To me, this is evidence of “popped stops,” which occurs when a key resistance level is broken and short-sellers push the market higher.  Were this true bullish aggressive buying, we would see no gap fills.

Volume is also declining during this price rally.  That’s not the sign of bullish strength either.

However, none of that matters as long as price continues to rise, and the pattern – almost like clockwork – has repeated for 5 of the last 6 trading days (which would be 5 of 5 if we exclude the December 24th half-day).

The second part of the pattern is the afternoon ‘ooze’ or upward creep into the close.  It’s almost like a two-step dance the market is weaving.
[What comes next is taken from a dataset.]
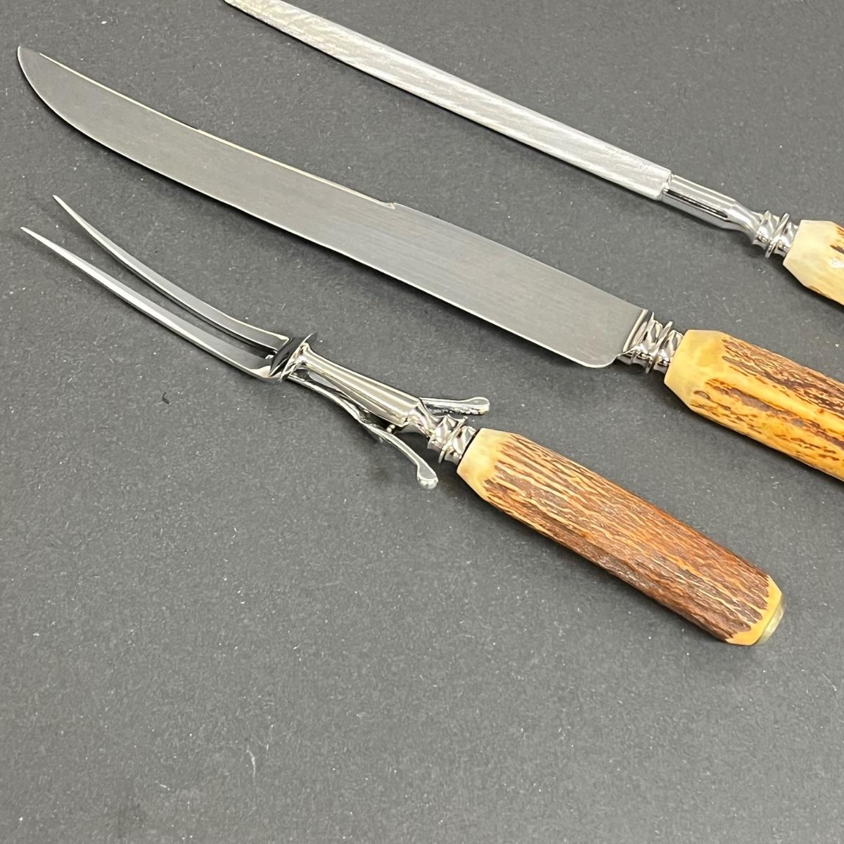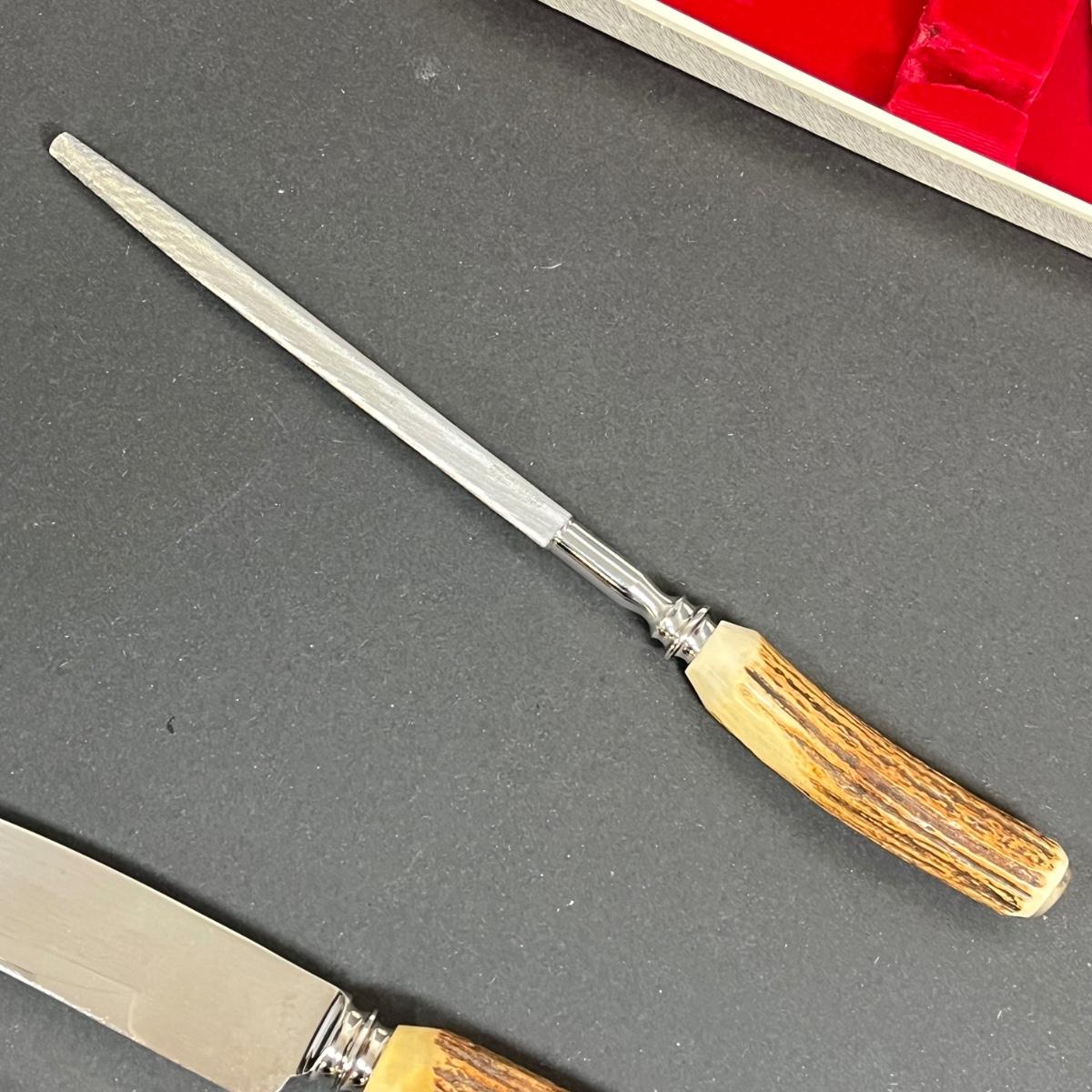 LOT 20: Picnic Basket and Vintage Stag Horn Cutlery Carving Set

Step 1:  Gap up in the morning.  Immediately fall after the gap.
Step 2:  Creep Upwards all day into the close.

That’s not to say that the pattern will repeat forever – it clearly will not – but as long as the pattern does repeat, it has provided a roadmap and trade-able edge to those who have perceived it – to those who have stepped back and observed the character and repetitive pattern in price.

Indicators have their place – but it is equally if not more important to look directly at price, observe repeating patterns, and trade those with the expectation that the pattern might repeat, even if it is in conflict with our favorite indicators.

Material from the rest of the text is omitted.